This is a demo of an AI that learns to play Pong using a multi-layer perceptron (MLP) evolved via an evolutionary algorithm.
The debug information above each agent shows the 21 neurons that make up its "brain".
Press 'n' to hide the debug information.
Press 'p' to cycle between three control modes: AI vs AI, AI vs Human,
and Human vs Human.
Control the left paddle with the W and S keys.
Control the right paddle with the ↑ and ↓ arrow keys.
See if you can beat the AI you trained!
The code is available on GitHub.
This project revisits a formative collaboration with a former peer whose early contributions shaped its trajectory. The original implementation—a C++ genetic algorithm with a neural network to learn Pong—was largely his work. At the time, I lacked the technical depth to fully grasp it. He brought competitive programming rigor and algorithmic fluency that exceeded my understanding then.

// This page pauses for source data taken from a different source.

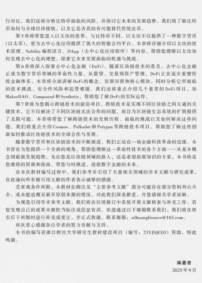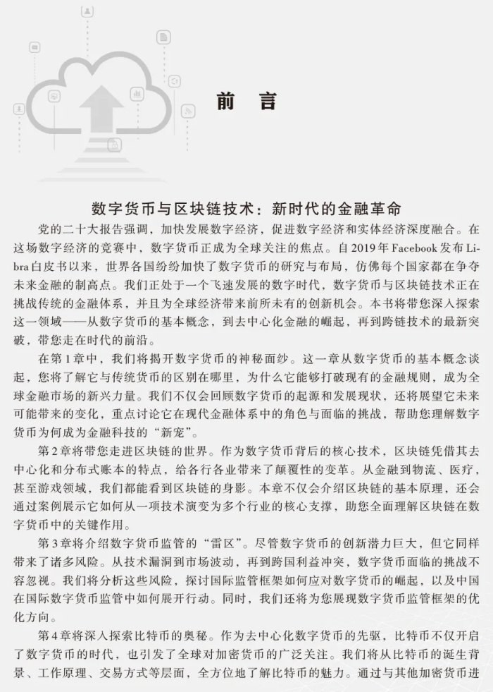 我们正身处一场由数字货币与区块链技术驱动的金融体系深刻变革之中。本书紧扣这一趋势,系统梳理从数字货币基础、区块链原理,到比特币运行机制、以太坊智能合约生态,再到去中心化金融(DeFi)与跨链技术的前沿进展,并深入剖析行业监管与风险挑战。通过理论与实例结合,本书不仅构建起完整的知识框架,更带你洞察技术背后的金融逻辑。无论你是初学者还是从业者,本书都将助你系统把握数字货币的核心脉络,真正理解这场数字革命,深入理解区块链技术在金融领域的应用。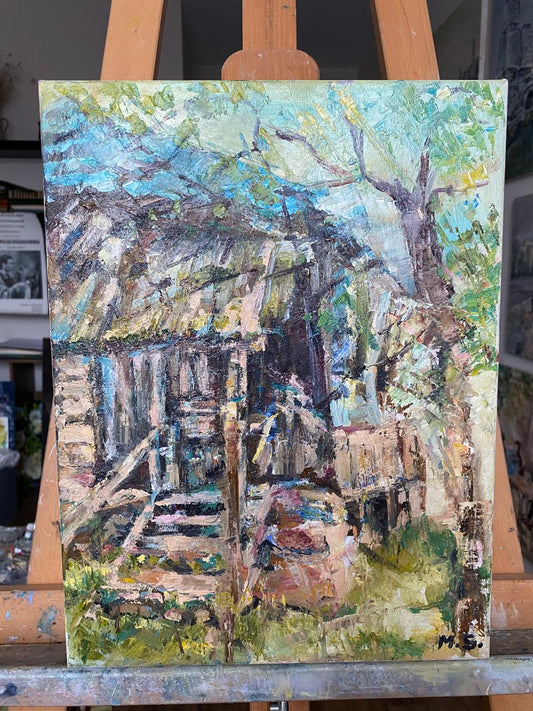 Charming Oil Painting of an Old Cottage - Rustic Impressionist Art on Canvas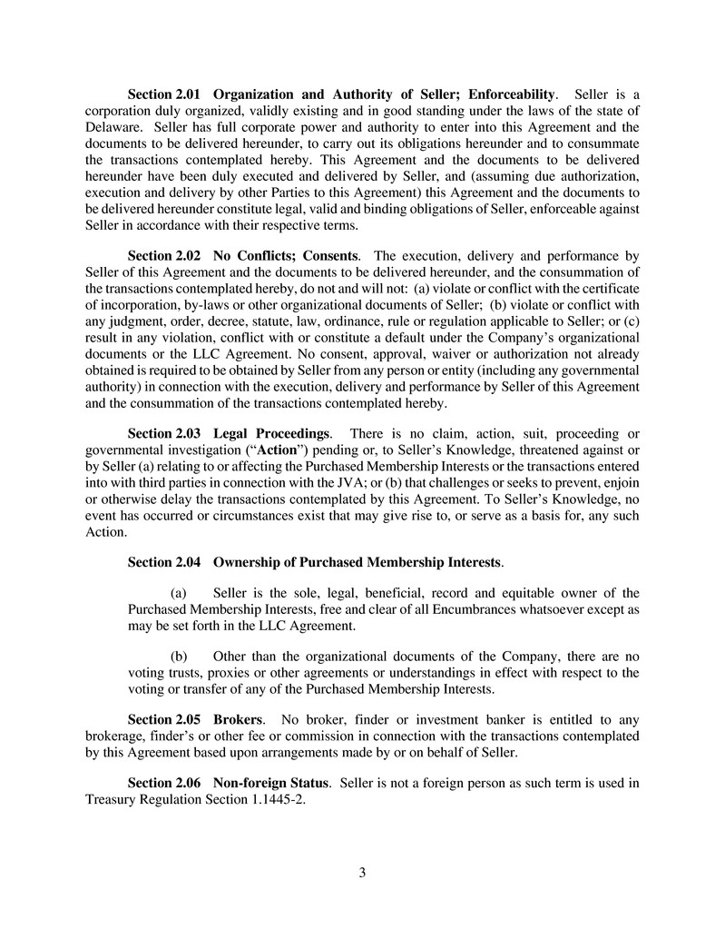 Section 2.01 Organization and Authority of Seller; Enforceability ................................. 3
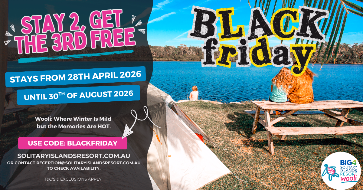 For a limited time, book 2 nights in a Villa, Cabin, or any Powered Site between 28th April 2026 and 30th August 2026 and get a 3rd night FREE! That’s one extra night of relaxation, adventure, and fun—completely on us!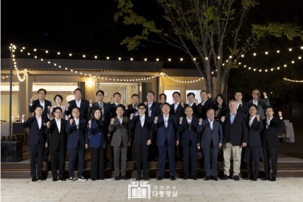 [singers news 씽어즈뉴스, 와보소기자] 윤석열 대통령은 9월 24일 저녁 국민의힘 지도부를 대통령실 앞 분수정원으로 초청해 야외에서 만찬을 가졌다. 대통령실과 국민의힘 지도부 만찬은 지난 7월 23일 전당대회 이후 새롭게 구성이 완료된 당 지도부를 처음으로 초청해 상견례와 함께 당 지도부를 격려하고 화합을 다지는 만찬이다.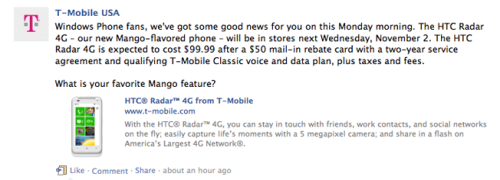 最近幾個(gè)月,運(yùn)行Windows Phone 7.5 Mango系統(tǒng)的手機(jī)是相當(dāng)引人關(guān)注了。而曝光于9月份的HTC Radar 4G就是這樣一款“芒果”手機(jī)。如今根據(jù)BGR網(wǎng)站的報(bào)道,美國(guó)T-Mobile將于11月2日正式發(fā)布這款手機(jī)。T-Mobile稱(chēng)HTC Radar 4G的推出時(shí)間將會(huì)是在下周——11月2日,屆時(shí)這款手機(jī)將享受50美元的郵寄折扣,兩年合約售價(jià)最終僅為99.99美元,約合人民幣640元。
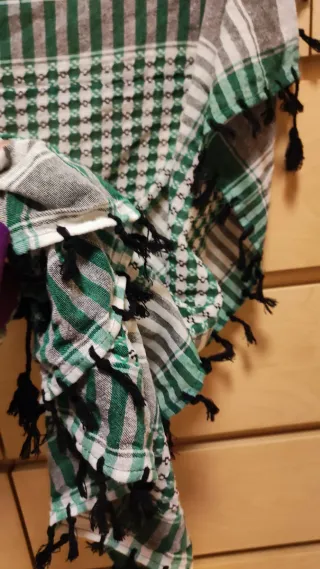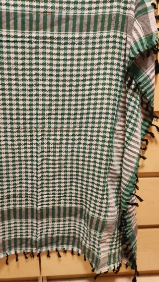 Pañuelo con diseño de cuadros y flecos. - Diseño de cuadros en verde y blanco. - Flecos en los bordes.
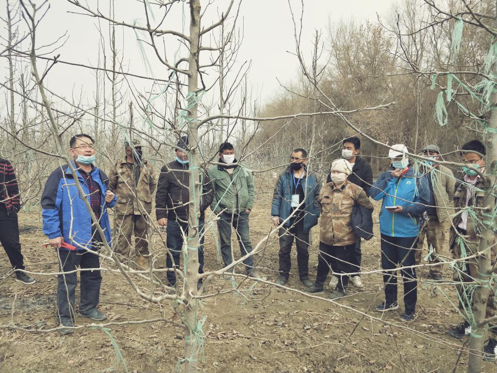 针对梨树如何修剪、如何施肥、灌水、防止病虫害等问题,六连支部和工作队邀请张琦教授为农户解决这些难题。作为多年从事一线林果业教学实践的老教师,张琦教授始终牵挂着农户和农业生产。听说农户家的梨树管理遇到了问题,他立即赶到生产一线进行技术指导。张琦一下车就直奔主干形香梨示范基地,拿着剪枝剪,手把手,教农户学习掌握香梨主干形冬春修剪、落头、控高、拉枝方法、高位嫁接和人工授粉等种植管理技术。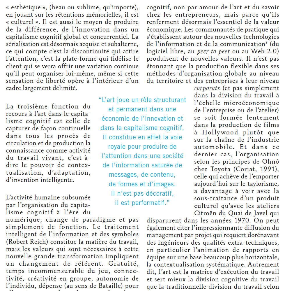 « Ce qui caractérise donc le capitalisme cognitif, ce n’est donc pas qu’il repose sur les connaissance et encore moins sur le secteur limité qui produit des connaissances (les départements R&D des grandes entreprises ou les investissements en machines employées dans ce secteur). Il conquiert ses titres de noblesse et son rang dans la prospection, dans la valorisation et dans l’exploitation des éléments des connaissances qui résistent à la codification numérique […]. Nous avons nommé cette particularité l’exploitation de la force inventive du travail vivant. »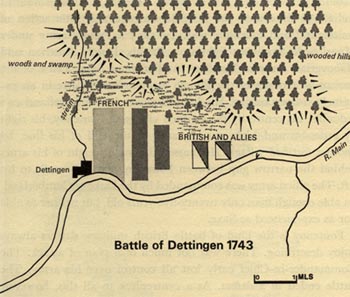 "[We] attacked the French with great fury, and after a terrible firing of near half an hour, the French ran away. Then they brought up their second line, which, after we had given them a huzza, we fell on and beat back in about half an hour. After this they presented us their third line in most beautiful order; when My Lord Stair came to the head of our regiment and commended the bravery of the whole line, and said he would himself see us make the third attack, upon which, after giving him three huzzas, the English march'd up with surprising resolution; but such a panick run thro' the French, at seeing our first line still able to oppose their third, that they turn'd about and retreated over the river with great expedition." -John Hughes, on the Battle of Dettingen (Black 63). |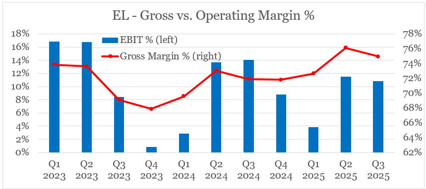 Travel retail kanalının çöküşü – 2015–2019-cu illərdə ən çox böyüyən satış kanalı olan duty-free mağazalar artıq Estée Lauder üçün mənfəət deyil, zərər mənbəyi oldu. Yalnız 2024 Q3-də bu kanalda satışlar 28% azaldı.

Rebuilding it now in Rust serves a dual purpose: technical redemption and continued learning. The performance gains from rustc and LLVM's modern optimization pipeline—including SIMD auto-vectorization—have made the reimplementation orders of magnitude faster. More importantly, it’s been an exercise in understanding compilation, lowering, and systems-level design—concepts I hadn’t appreciated during the original effort.
The broader arc is about catching up with the field. Back in 2015, transformers didn’t exist in the mainstream curriculum. Reconstructing this project from first principles is a way to retrace the path from classical neural networks to the architectures that define modern AI—following the breadcrumbs, step by step.